Catalog cache¶

AMX keeps a local SQLite mirror of the shape and comment data it reads from connected databases. Every schema list, table list, column definition, and column comment that AMX fetches from a live backend is written into this cache on the way back. Subsequent reads come from the cache instead of re-querying the warehouse.

Why a cache?¶

Live information_schema queries have costs that compound quickly:

Latency — a full schema walk of a large warehouse can take tens of seconds.
Cluster CPU — Databricks, Snowflake, and BigQuery charge for query slots regardless of whether the query is user-facing.
Rate limits — some backends throttle metadata APIs under high concurrency.

AMX's sidebar, /ask agent tools, and /sync all need schema awareness; without a cache they would each fire independent live queries.
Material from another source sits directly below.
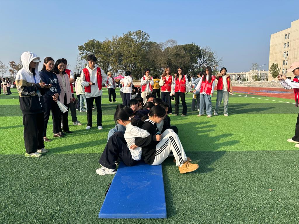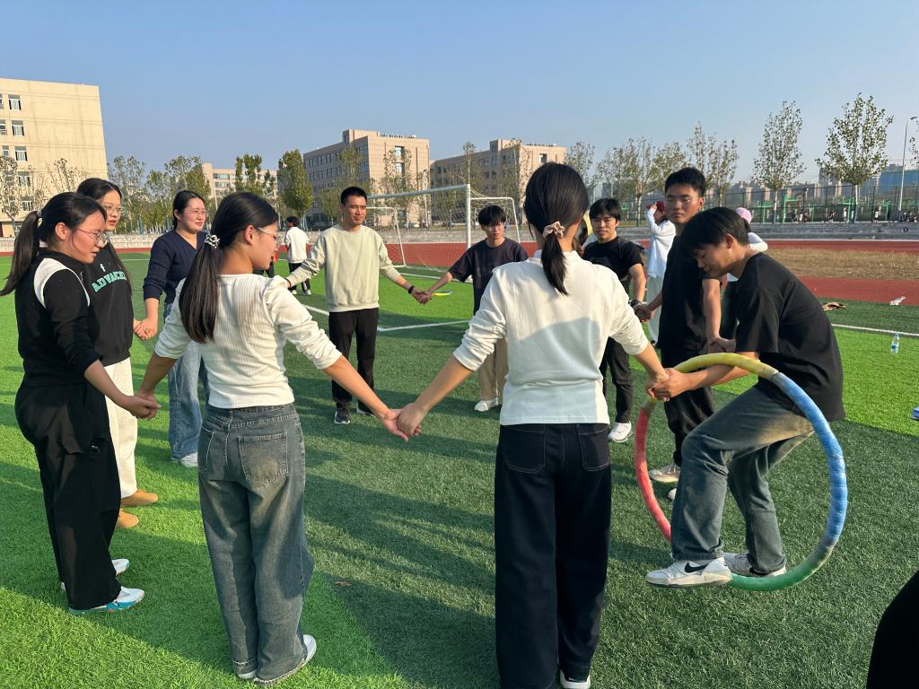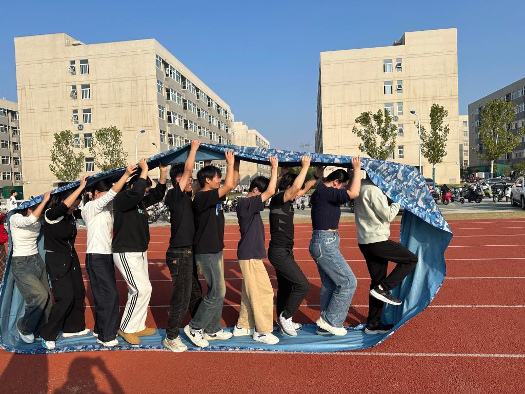 团队的学生成员,由前期学院心理素质拓展比赛中表现优异的同学组成。我们建成了有活力、有竞争力的团队,一共参加了活动项目:“无敌风火轮”、“一圈到底”、“珠行万里”、“击鼓颠球”、“袋鼠跳”、“齐心协力”六个项目。师生团队齐心协力,集体协作,在每个项目上都集思广益,以最饱满的精神状态和自信的姿态顺利完成,学生们也了解了自身的潜力和限制,更好地认识自己,形成积极健康的心理素质。

The cache absorbs that pressure and lets every surface share a single warmed copy.

What gets cached¶

Three tables hold the cached data:

Table	Key	What it stores
`schemas_cache`	`(db_profile, database)`	List of schema names visible in the database
`column_comments_cache`	`(db_profile, database, schema, table)`	Column names, types, and comments for one table
`catalog_entities`	`(db_profile, database, schema, table)`	Full-text search index entries populated by `/sync`

A fourth pair of tables caches database and catalog lists (for backends that distinguish the two):

Table	Key
`databases_cache`	`(db_profile,)`
`catalogs_cache`	`(db_profile,)`

The scope key always includes db_profile so two profiles pointing at the same physical server never share or overwrite each other's rows.

Cache lifecycle¶

Populate¶

A cache miss triggers a live query to the backend, then writes the result back into the appropriate cache table before returning. The first time you expand a schema in the sidebar, AMX fetches the table list live and caches it; the next expand is instant.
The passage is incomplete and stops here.